The research has been carefully reviewed by the researchers’ own institutional review boards and ethics committees, adds Sauer. "What I and my colleagues are hoping for is an understanding not just of our work, but of others, and a dialogue on how we can move it along," he says.
Although the FDA has not issued an official ruling yet, the consensus seemed to be heading in the direction of recommending that more research be done before going ahead with clinical trials.
"But how much research is going to placate their worry?" Sauer asks. "When you do innovative work, you do get to a point where you have to take some risks. That is why it’s so important that it’s done correctly."
Sensational headlines such as "three-parent IVF," "designer babies," and "cloning technology" are counterproductive to the advancement of science, adds Sauer. "All that does is just make people think that what we are really doing here is trying to clone human beings," he says. "That is not even remotely or tangentially related to what we are doing."

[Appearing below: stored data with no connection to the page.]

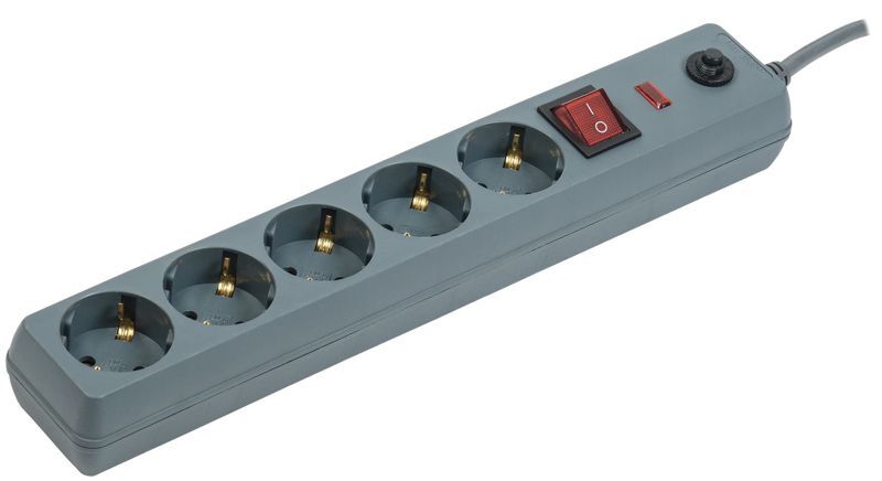 Удлинитель с сетевым фильтром 5х5м 16А IP20 СФ-05К ПВС 3х1 с выкл. сер. IEK WFP10-16-05-05-ZK-K03
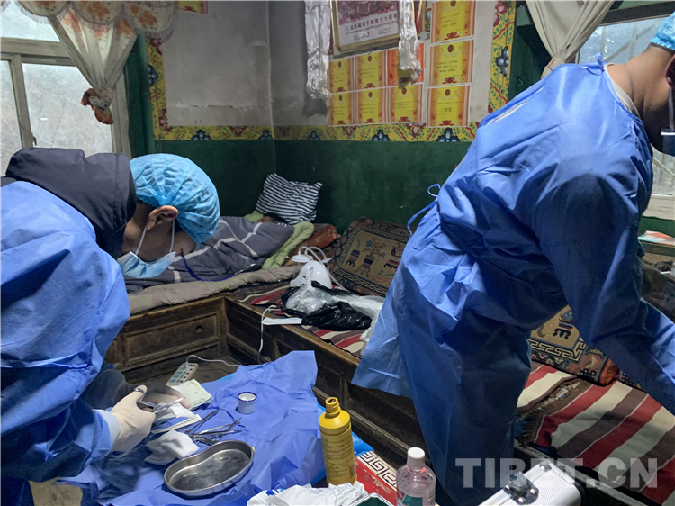 臨近藏歷新年,家屬提出要帶扎西尼瑪回家過年。經(jīng)過北京專家遠(yuǎn)程會(huì)診,洛隆縣人民醫(yī)院的青年專家們決心滿足扎西尼瑪?shù)脑竿?,帶上醫(yī)療設(shè)備住進(jìn)了扎西尼瑪?shù)募依铮?/p>
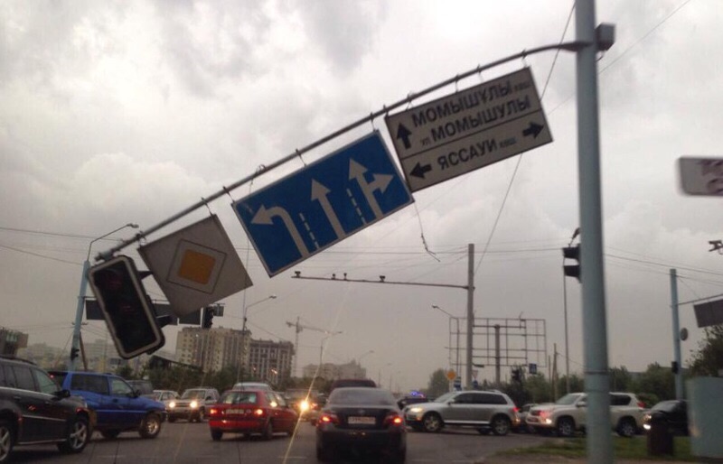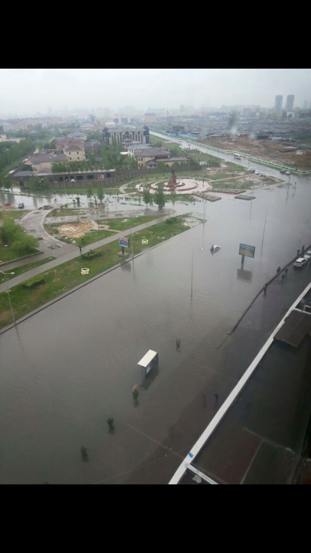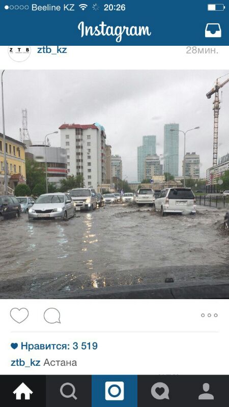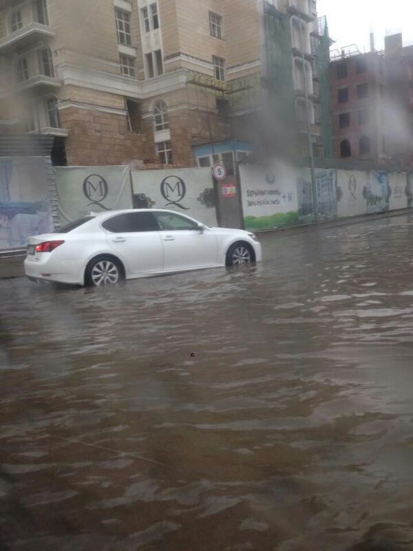 Между тем, в Астане в субботу тоже царила непогода. Из-за сильного ливня на дорогах столицы хаос. Фотографии и видео выкладывают пользователи соцсетей.
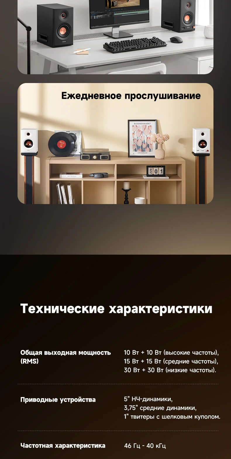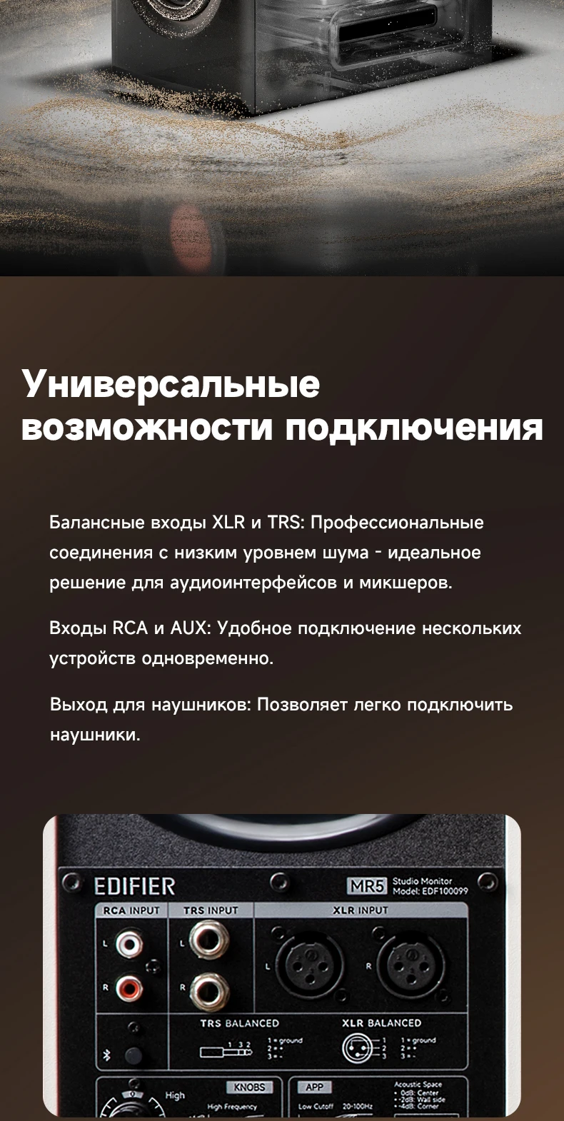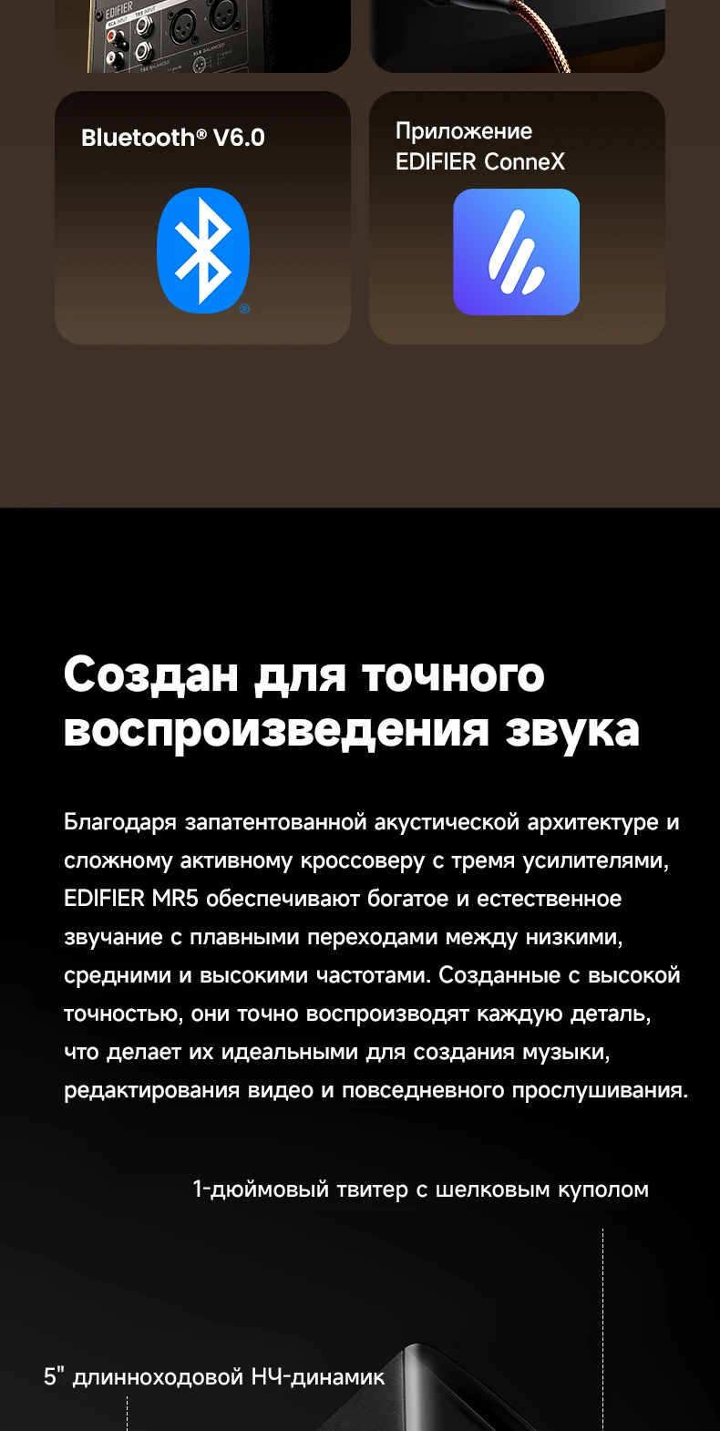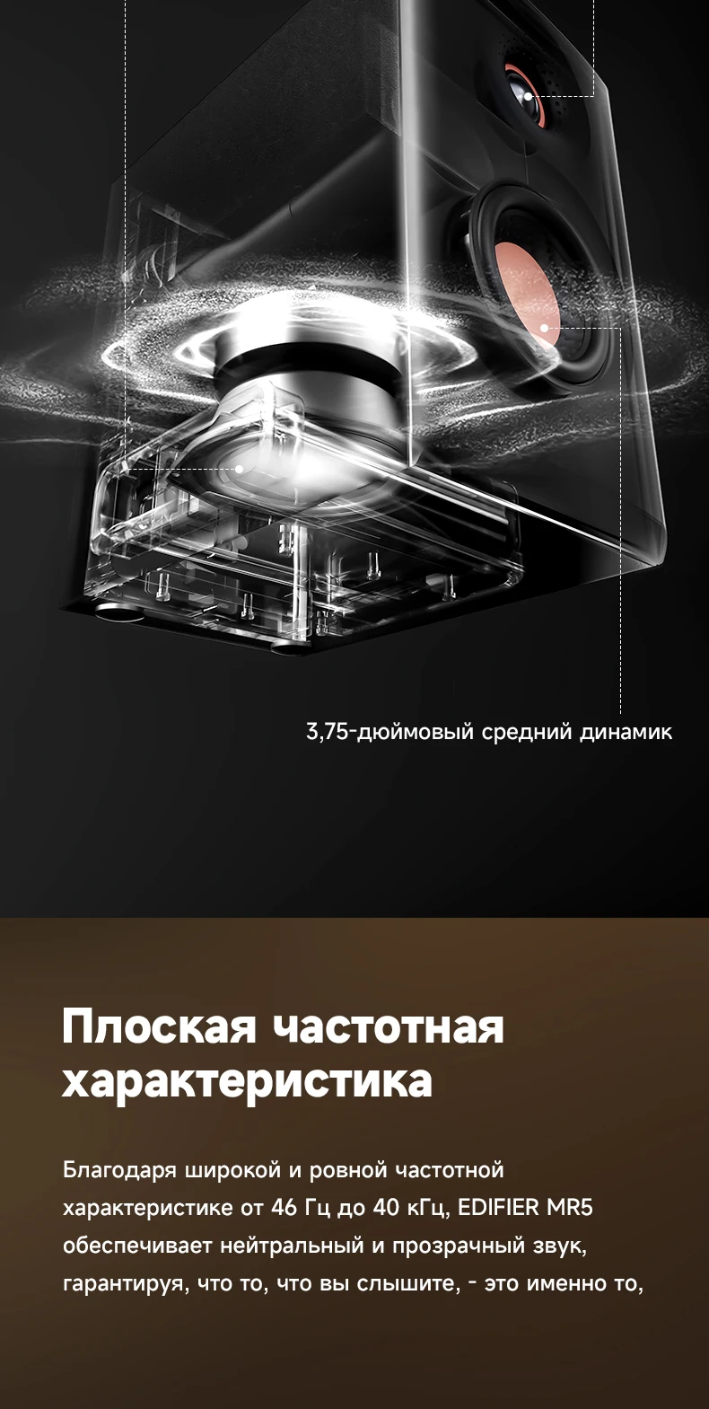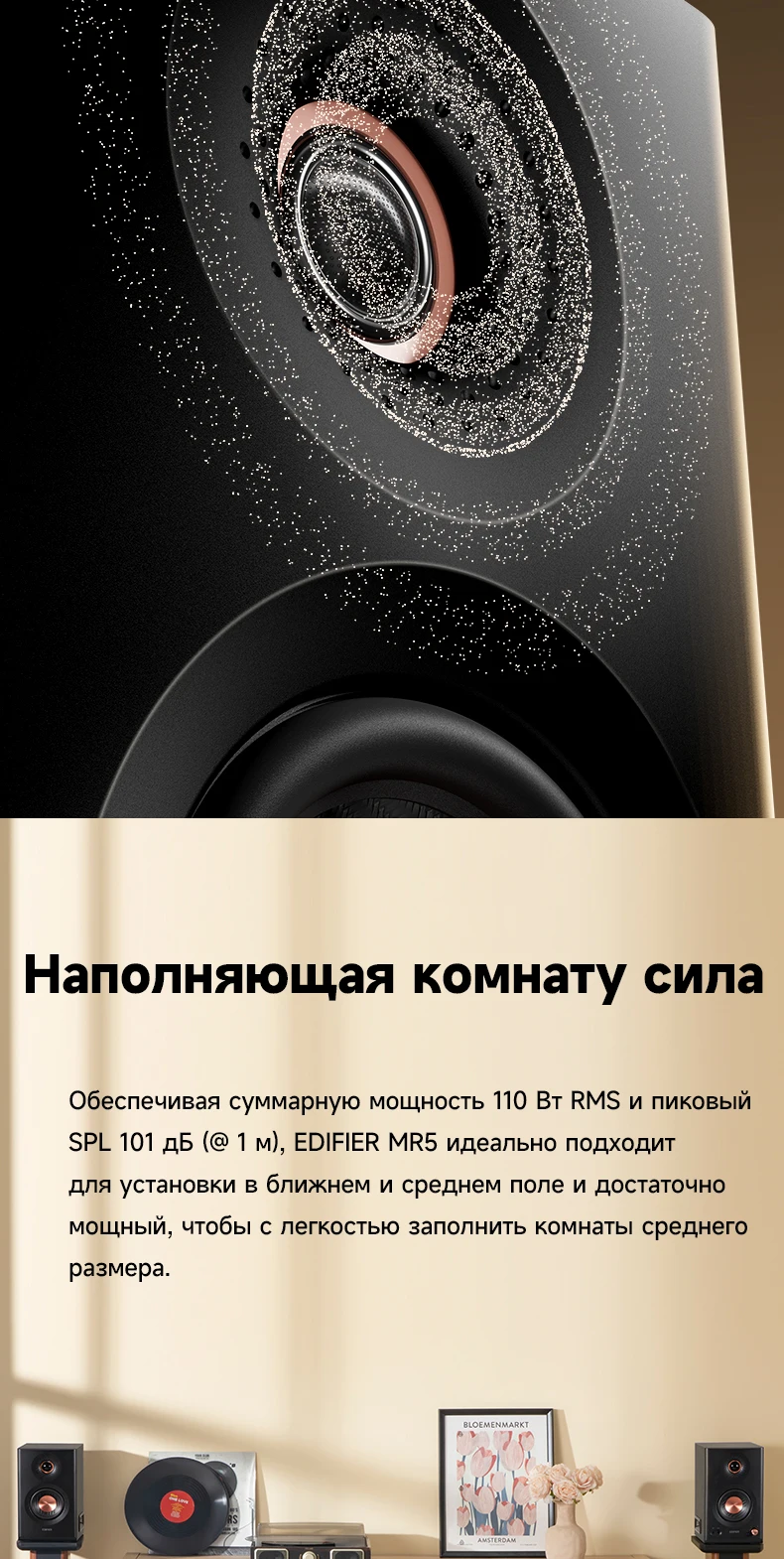 Редкий случай, когда получаешь именно то, что хочешь! Колонки очень понравились, до этого были Edifier S330D, система 2.1. Очень неплохие на свое время колоночки, но хотелось уже чего-то помощнее и посовременнее. Выбор пал на MR5. Почитав и посмотрев обзоры - решил для себя что это самое то. Во первых - это цена, она очень демократичная за такой то звук, во вторых - освободилось место под столом, т.к. нет сабвуфера, теперь он в каждой колонке, хоть и меньшего диаметра, чем у меня был на предыдущей системе. Слушаю уже второй день на момент написания отзыва, до сих пор ловлю себя на мысли что давно не был так рад покупке, старые треки из коллекции звучат по другому, в некоторых даже стал слышать звуки, которых раньше не было слышно на старых колонках (колокольный звон далеко в фоне, пение птиц, шепот разговора и другие эффекты, которые любят прятать создатели треков). Через приложение настроил положение колонок в комнате, чуть убавил басс, он тут можно сказать даже избыточен на мой вкус, чуть прибавил высоких частот, совсем капельку. Звук стал именно такой, какой я хотел. Низкие частоты напористые, напор сохраняется даже на минимальной громкости. Слушаю все это через пк с дискретной аудиокарты Sound Blaster AE7, режим Direct sound. Из недостатков лично для меня - думал будут немного меньше, но с этим я смирился. А вот что раздражает, так это то, что нельзя отключить Bluetooth на них, даже когда ты вроде бы отключаешь его через приложение, колонки все равно обнаруживаются. Но тут прикол даже не в этом, а в том, что к ним могут подключить совершенно левые люди, т.к. сопряжение происходит без подтверждения на спаривание через bt. Это очень серьезный косяк, надеюсь как-то поправят прошивкой. Так же доставка могла быть быстрее, от меня до центрального склада, откуда ехала колонка порядка 120км, но она сделала круг в соседнюю область, проехала мимо моего города а потом спустя еще пару сотен километров вернулась ко мне. Это очень нелогичная логистика. Хоть курьер был хороший, позвонил, договорился о выдаче и привёз посылку до дома. Коробка была немного в гармошку, даже внутренняя помчалась, но содержимое было целым и полностью рабочим. В общем эти колонки для тех, кто хотел чистый мощный звук сидя за своим пк или просматривая тв. Для дискотек они не подойдут, да и не для этого они предназначены)

While some regulators, in closed-door conversations, encouraged the researchers to continue their work, Sauer says it’s questionable how long that can continue when progress is being made in other countries. Mitochondrial replacement has been under consideration in Britain for some time, and may be approved there at some point in the near future.
"Restraint is not always a bad thing," says Sauer. "But to say Based on what they do, then maybe you can do it,’ when we are in a better position to advance the science, that’s a sad day," he says.